Lewandowski wściekał się na kolegów, a ci znów byli ślepi. Pokazał im, kto rządzi

Krzysztof Gaweł
30 października 2022, 11:19 • 1 minuta czytania
Robert Lewandowski przez 90 minut meczu z Valencią cierpiał i czekał na to, aż koledzy go zauważą. Musiał mieć dużo cierpliwości, choć kilka razy zrugał młodszych kolegów, którzy znów długo nie zauważali naszego snajpera w polu karnym. I gdy strzelił zwycięskiego gola, ci dosłownie rzucili się na niego w euforii. "Wybawca", "Talizman", "Najlepszy na świecie" – zachwycają się Polakiem media w Hiszpanii.
Lewandowski wściekał się na kolegów, a ci znów go nie widzieli. Więc im pokazał, kto rządzi Fot. Rex Features/East News

Ciężki wieczór w Walencji, zakończony golem i zwycięstwem Barcelony, już za Robertem Lewandowskim. Ale lekko nie było, a nasz snajper musiał mieć nerwy ze stali, by doczekać się na swoją piłkę w tym meczu. Długo obserwował poczynania kolegów, długo był cierpliwy, ale jeszcze przed przerwą stracił nerwy i zareagował. W 39. minucie Alejandro Balde dostał burę od kapitana polskiej kadry, bo nie podał piłki w dość ciekawej sytuacji.

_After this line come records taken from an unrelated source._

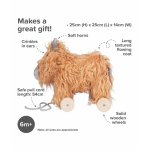 Cu coarnele sale lungi și blana sa texturată și fluidă, Hubert este o jucărie de pluș Highland Cow amuzantă și prietenoasă, în căutare de aventură!
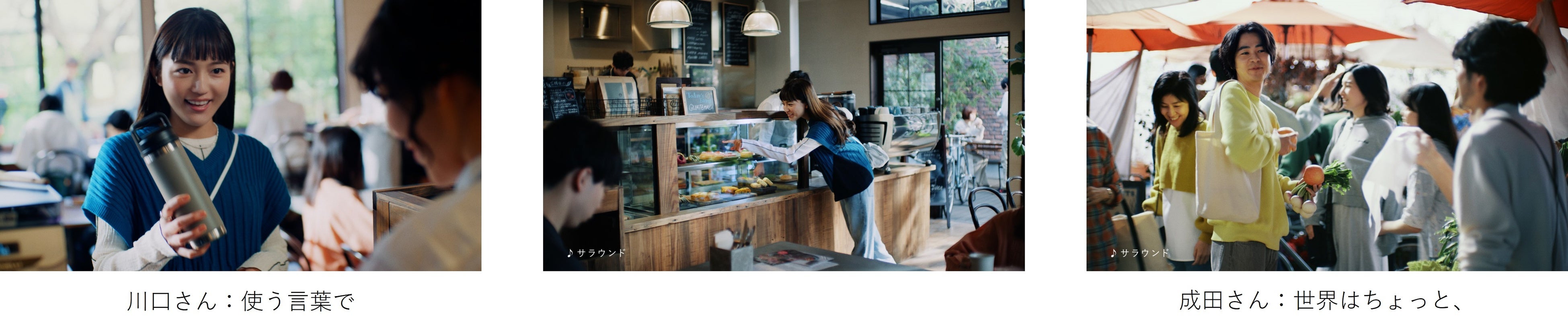 「 CMの中でもマイタンブラーを持参したり、詰め替えをしたりというシーンがあると思うのですが、私もそういう選択肢があるならそっちを選択したいなと常日頃思っています。マイタンブラーもお仕事柄毎日(飲み物を)飲むので、当たり前のように現場に持って行っています。そんなに大きな難しい事ではなくて、何か選択肢があったときに環境にいい方を選ぶことは増えてきたのかなと思います。」
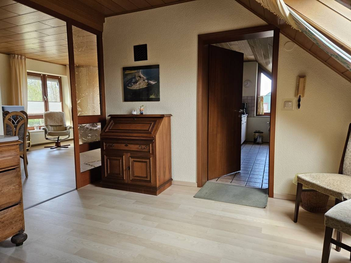 Die Ferienwohnung befindet sich im Obergeschoss eines repräsentativen Zweifamilienhauses, der Gastgeber bewohnt selbst die Wohnung im Erdgeschoß.
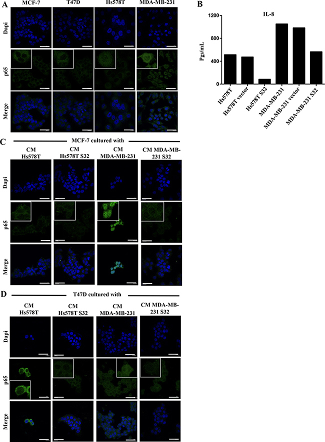 Figure 5: p65 is present in the nucleus of HA-BrC cells and its translocation to nucleus is induced in invasive/CSC-like NA-BrC cells. (A) Analysis of the constitutive cellular localization of p65 in NA- and HA-BrC cell lines by immunofluorescence (IF). (B) The concentration of IL-8 (in pgs/mL) was measured in the CM from the HA-BrC cell lines that were transiently transfected with a dominant negative IκB (HS578T S32 and MDA-MB-231 S32), and controls in which the cells were not transfected or transfected with an empty vector. p65 expression by IF in (C) MCF-7 and (D) T47D cells that were cultured with CM from HA-BrC cell lines HS578T S32 and MDA-MB-231 S32, and controls in which NFκB was not inhibited. The scale bars indicate 20 μm. Magnification 600× with inserts further amplifying the original image. Representative images are shown. Two independent biological replicates were analyzed and representative images were chosen.

Jeszcze przed przerwą mógł paść gol, jedyną dobrą piłkę w pierwszej połowie "Lewy" uderzył głową, ale miał pecha, bo trafił w słupek. Po zmianie stron nasz snajper nadal czekał i czekał, aż trener zdjął chaotycznego Ansu Fatiego i wpuścił Ferrana Torresa. Z Hiszpanem relacje Roberta Lewandowskiego ponoć nie są najlepsze, a 22-latek na murawie w zasadzie nie zauważa naszego asa. I dlatego też dostał burę po akcji, w której winien podawać.

"Popisem" Hiszpana była akcja z końcówki meczu, gdy z bliska mógł zdobyć gola, ale kopnął sam siebie. "Lewy" próbował dobijać piłkę do siatki, lecz w paradę wszedł mu Raphinha. Na szczęście Brazylijczyk zrehabilitował się kilka minut później, podał za plecy defensorów i Robert Lewandowski pokazał kolegom, dlaczego uważany jest za najlepszego napastnika na świecie. Trafił, zapewnił drużynie komplet punktów, a koledzy po prostu rzucili się na niego.

Media w Hiszpanii nie mają wątpliwości, kto został bohaterem spotkania. "Sport" nazwał Polaka "wybawicielem":

Dla "Mundo Deportivo" jest "talizmanem" Barcelony.

A w "Marce" napisano, że pojawił się w polu karnym "nagle" i zrobił swoje.

"Superbohater Lewandowski!" - to z kolei określenie z dziennika "AS", który również docenił postawę Polaka i jego trafienie.

Hiszpanie cały czas przekonują się, że nasz kapitan jest lisem pola karnego i że potrafi grać niebywale. A my na własne oczy widzimy, jak ważną ma funkcję w ekipie Xaviego Hernandeza. Polak nie tylko ma strzelać gole, ale też pomóc młodszym kolegom wejść na wyższy poziom. Na razie w LaLiga działa to całkiem dobrze, ale właśnie zimnej krwi i doświadczenia zabrakło w Lidze Mistrzów. Skład Barcy pełen jest żółtodziobów.

A ci potrzebują lidera w szatni i na boisku. I właśnie Robert Lewandowski takim liderem jest. Czasem popatrzy krzywo, czasem na burę lub podpowie. Dokładnie tak, jak robi to od lat w reprezentacji Polski. Wielu kibicom to zachowanie może się nie podobać, ale boisko rządzi się swoimi prawami. I jeśli ktoś widzi tyle co "Lewy" i ma takiego nosa do piłki, to czasem warto przełknąć gorzką pigułkę i posłuchać Polaka.

Tego piłkarze Barcy też uczą się dzień po dniu. - Wynik jest pozytywny, ale musimy uczyć się pewnych rzeczy. Musimy nauczyć się podejmować lepsze decyzje w polu karnym. To jest proces. W ostatnich jedenastu miesiącach bardzo się poprawiliśmy. Uważam, że jesteśmy na dobrej drodze - mówił po meczu Xavi, odnosząc się wymownie do nieskuteczności swoich napastników. I właśnie po to ma Roberta Lewandowskiego.